It's easy enough to use to START a discussion. And I could probably
live without threading if the view was entirely flat. But instead
they offer a 2-ply system: you can add a message to the main thread,
or you can offer a comment on a top-level message. But that's it.
You can't reply to the comments. It really is the worst of both the
flat and the threaded models!
But it's so pretty!
Although I agree, and that's what I meant by saying that the response
is a little short-sighted, I do understand the reluctance to introduce
a change that might somewhere, somehow break code that's taking
advantage of the current behavior -- especially when there have been
no reports of the current implementation having issues. But blind
insistence on backward-compatibility is also what leads to Microsoft-
style bloat. jQuery could use a huge refactoring. But I can't see
them being willing, now that it's so popular, to take the risk. The
last time I remember a large breaking change to their public API was
when they dropped XPath support in their selectors. That was hard
enough, and they were not nearly so popular then.
Clearly you know very little about the history of this most dubious
script. JFTR, they change their public API all the time. Most
recently, they have announced they are going to replace the long-
broken "attr" method with something that works entirely differently.

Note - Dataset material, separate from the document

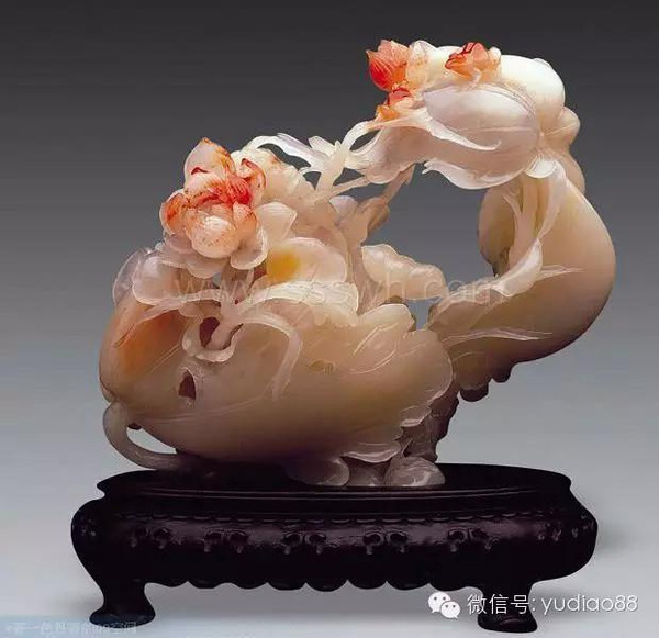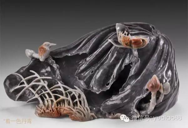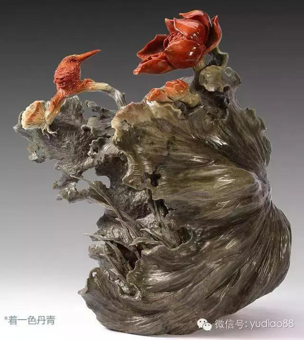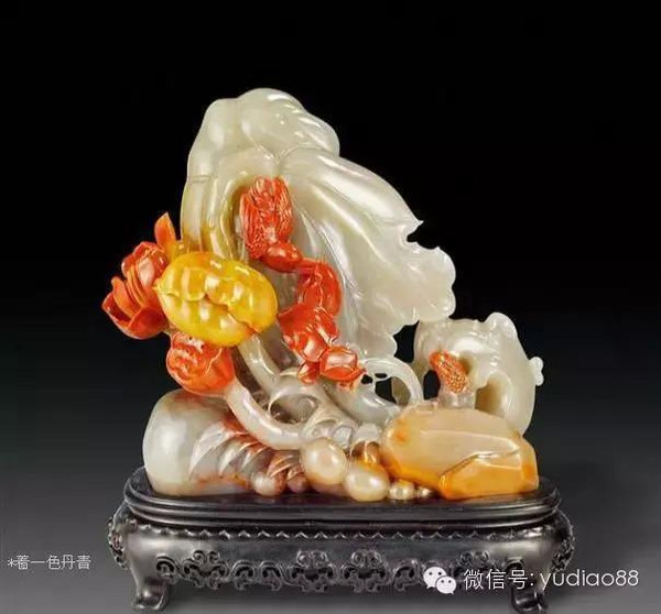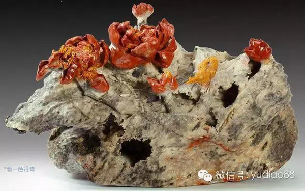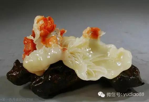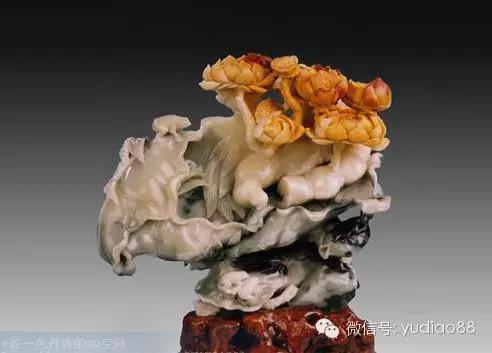 小的“龙嘴”,往里面凿,凿出一颗“珠”来。这颗“珠”剥离原石材使它滚动自如,但却要比“龙嘴”大,不至于滚出“龙嘴”,1955年福州寿山石雕名艺人陈敬祥创作的《求偶鸡》也是寿山石镂雕的典型作品。他用一块寿山石材雕了一个鸡笼,然后通过鸡笼小小的空格,伸刀到笼里去,利用原石又雕了一只鸡,栩栩如生,被北京人民大会堂所收藏。以后福州寿山石雕艺人多学习陈敬祥的《求偶鸡》镂雕法,成为寿山石艺的象征。

Yes, that one. They are replacing it with something very similar to
the "attr" found here:-
http://www.cinsoft.net/attributes.html
Of course, that's the sort of brain-dead move I would expect out of
them (three and a half years later). As I've mentioned a thousand
times, the users of that script don't need an "attr" (jQuery needs it
internally). It's like their own name for it threw them off. They
couldn't change the name, so they changed the function to fit the
name.
As per usual, this is a backwards move. And even more
disturbing, it comes at a time when IE6/7 legacy code is being phased
out of (not into) libraries. Most of the workarounds found on the
above page (and in My Library) are strictly for IE6/7 (and
compatibility mode in later versions, which jQuery has never
"supported" anyway). Same day I announce a new filter for My Library
to optionally pare such code from My Library, jQuery announces they
are finally adding it.
In an HTML DOM (as opposed to XML from an XHR result), which is all
jQuery is capable of dealing with (e.g. no XHTML) and what all of
jQuery's examples use, the much-utilized (and much maligned) "attr"
method retrieves property values by attribute name. Now they are
going to replace that with a function that retrieves attribute values
(which are largely useless and confusing to jQuery users). The "road
map" announcement said something about trying the new "prop" method
(also found on the above page) if the new "attr" method "doesn't
work".
Uhhhhh... This isn't just the stupidest thing they've ever come up
with; it may well be the stupidest idea in history, particularly given
the large and easily confused user base.
And they had almost four years to think about this.
What they should have done is deprecate (and later delete) the
removeAttr method. It doesn't go with anything in their history
(certainly not with "attr"). Then they should have fixed the basic
problems with "attr". Yes, it was fixable (just as Dojo's was
fixable). No need to transform it into something entirely different
(and largely unneeded). Then they should have added another function
that dealt with attributes, perhaps keeping it private (for use by the
query engine). Most jQuery users just won't grasp the difference
between the two methods (after all, the jQuery authors never did).
I think he was just a fan-boy. I haven't seen such attitude from the
core team.
Once again, you are a clueless buffoon...
I'm really mixed about their overloading. The get/set style
overloading doesn't bother me at all. But the number of things the
jQuery constructor (and it's `$` alias) does is crazy.
....and pseudo-intellectual parrot.
Maybe, but I don't think it would be enough of a challenge to satisfy
that itch. ;-p
What would you show off? More ignorance? Still think the "popular"
libraries are best practice? First Dojo died, now this.